## [Task directions]
The whole listing is to be given again without alteration, except that its pictures are dropped.

## [Dataset records]
----------

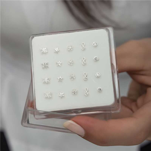 Mixed Model 20" Nose Ring Nose rings worn by young girls of wedding age living in rural areas to demonstrate their purity, cleanliness, and innocence are among the most popular jewelry items. Nose rings, which are indispensable for women around the world today, have taken their place in the jewelry tradition of Mesopotamian culture dating back to the present day. The pin length of the nose rings is 8 mm and the tip is rounded. All models include butterfly, star, snowflake, infinity, and solitaire nose rings with zircon stones. Women's white stone nose rings are made of 925 sterling silver. Rhodium plating is applied to the silver. Rhodium-plated silver women's nose rings preserve their shine for a long time and delay oxidation. As with all silver nose models, the women's silver white stone nose ring is entirely handmade. There is a ± 10% deviation in the stated product weight due to silver and precious stones. can be. Nose Ring Width: 0.30 cm Nose Ring Length: 0.50 cm Average Weight: 0.20 gr.
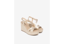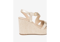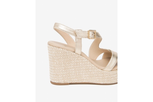 The Malfa espadrille wedge is made in Italy from Italian leather and sits on a lightweight gold woven espadrille wedge.
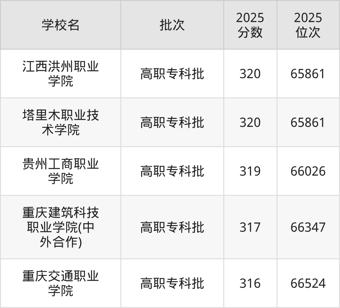 另外录取位次低于该区间(较稳妥)的有重庆交通职业学院(66524名)、江西科技职业学院(66997名)等;录取位次高于该区间(可冲)的有贵州工商职业学院(66026名)、塔里木职业技术学院(65861名)等。
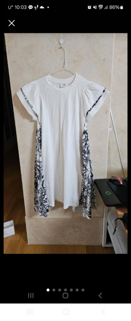 스몰싸이즈이나 플레어라 싸이즈구애없이 착용가능 양싸이드 폴리츠디자인 짧지않은기장에 프릴디자인까지 큐티합니다 화이트색상으로 오염없이 깨끗합니다 나이에맞지않아 구입하자마자 재판매합니다
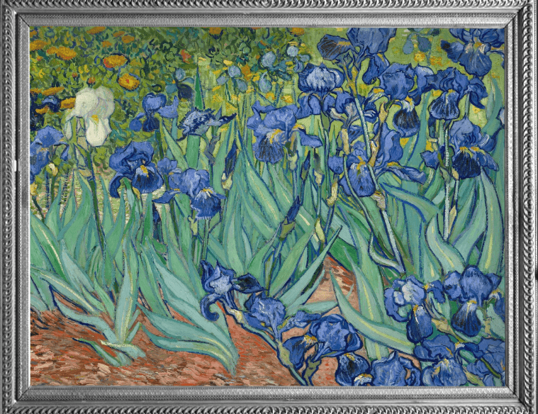 Vincent van Gogh original oil painting Irises is in the Collection of The J. Paul Getty Museum, Los Angeles, CA.
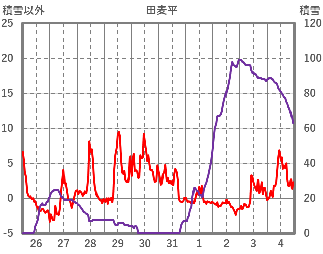 | 日 | 時 | 気温 | 降水 | 風向/風速 | 日照 | 積雪 | 降雪 |
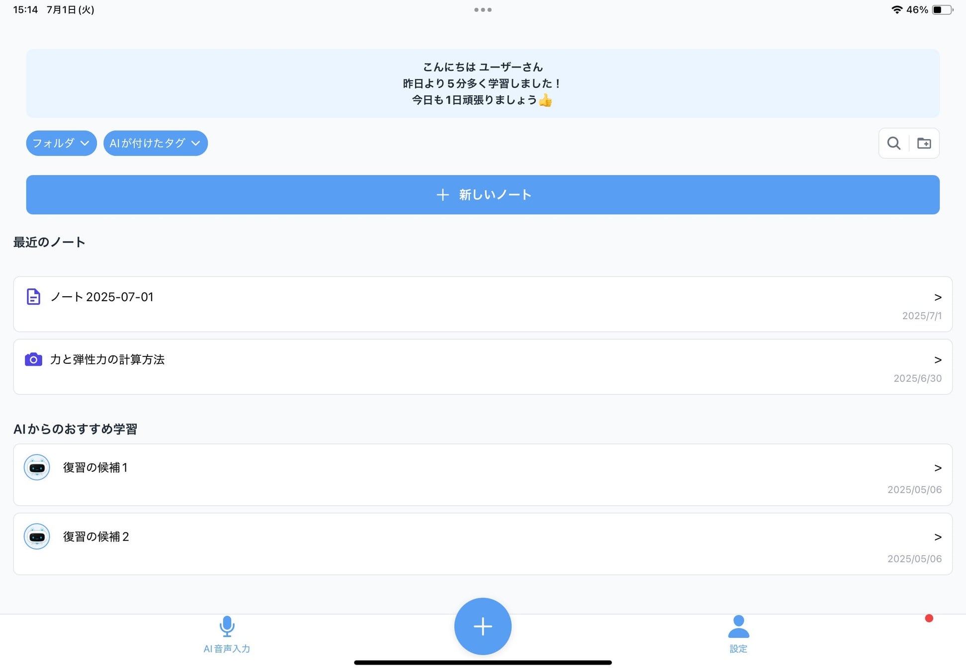 直感的なノート管理(作成・編集・整理)/AIによる自動タグ付け・フォルダ分類/AIからの応援リマインダーと復習提案/音声録音、写真スキャン、ファイルインポートへのクイックアクセス
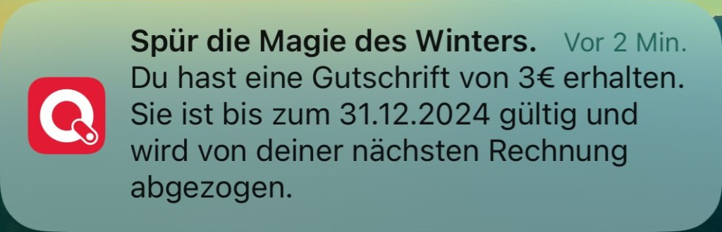 Bei FAIRTIQ gibt’s gerade eine Promo: Mit dem Code „SANTA24RVF“ erhält ihr eine Gutschrift von 3 Euro. Diese ist gültig bis zum 31.12.2024.
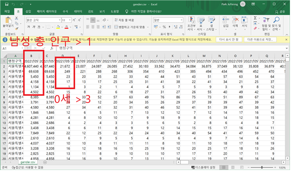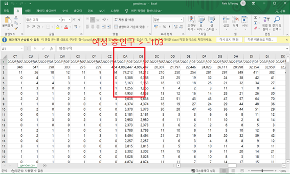 여 인구수 > row[-103] / 연령구간인구수 > row[-102] / 0세 > row[-101] / 100세 > row[-1]

----------

## [Solution to this exercise]
 Mixed Model 20" Nose Ring Nose rings worn by young girls of wedding age living in rural areas to demonstrate their purity, cleanliness, and innocence are among the most popular jewelry items. Nose rings, which are indispensable for women around the world today, have taken their place in the jewelry tradition of Mesopotamian culture dating back to the present day. The pin length of the nose rings is 8 mm and the tip is rounded. All models include butterfly, star, snowflake, infinity, and solitaire nose rings with zircon stones. Women's white stone nose rings are made of 925 sterling silver. Rhodium plating is applied to the silver. Rhodium-plated silver women's nose rings preserve their shine for a long time and delay oxidation. As with all silver nose models, the women's silver white stone nose ring is entirely handmade. There is a ± 10% deviation in the stated product weight due to silver and precious stones. can be. Nose Ring Width: 0.30 cm Nose Ring Length: 0.50 cm Average Weight: 0.20 gr.
 The Malfa espadrille wedge is made in Italy from Italian leather and sits on a lightweight gold woven espadrille wedge.
 另外录取位次低于该区间(较稳妥)的有重庆交通职业学院(66524名)、江西科技职业学院(66997名)等;录取位次高于该区间(可冲)的有贵州工商职业学院(66026名)、塔里木职业技术学院(65861名)等。
 스몰싸이즈이나 플레어라 싸이즈구애없이 착용가능 양싸이드 폴리츠디자인 짧지않은기장에 프릴디자인까지 큐티합니다 화이트색상으로 오염없이 깨끗합니다 나이에맞지않아 구입하자마자 재판매합니다
 Vincent van Gogh original oil painting Irises is in the Collection of The J. Paul Getty Museum, Los Angeles, CA.
 | 日 | 時 | 気温 | 降水 | 風向/風速 | 日照 | 積雪 | 降雪 |
 直感的なノート管理(作成・編集・整理)/AIによる自動タグ付け・フォルダ分類/AIからの応援リマインダーと復習提案/音声録音、写真スキャン、ファイルインポートへのクイックアクセス
 Bei FAIRTIQ gibt’s gerade eine Promo: Mit dem Code „SANTA24RVF“ erhält ihr eine Gutschrift von 3 Euro. Diese ist gültig bis zum 31.12.2024.
 여 인구수 > row[-103] / 연령구간인구수 > row[-102] / 0세 > row[-101] / 100세 > row[-1]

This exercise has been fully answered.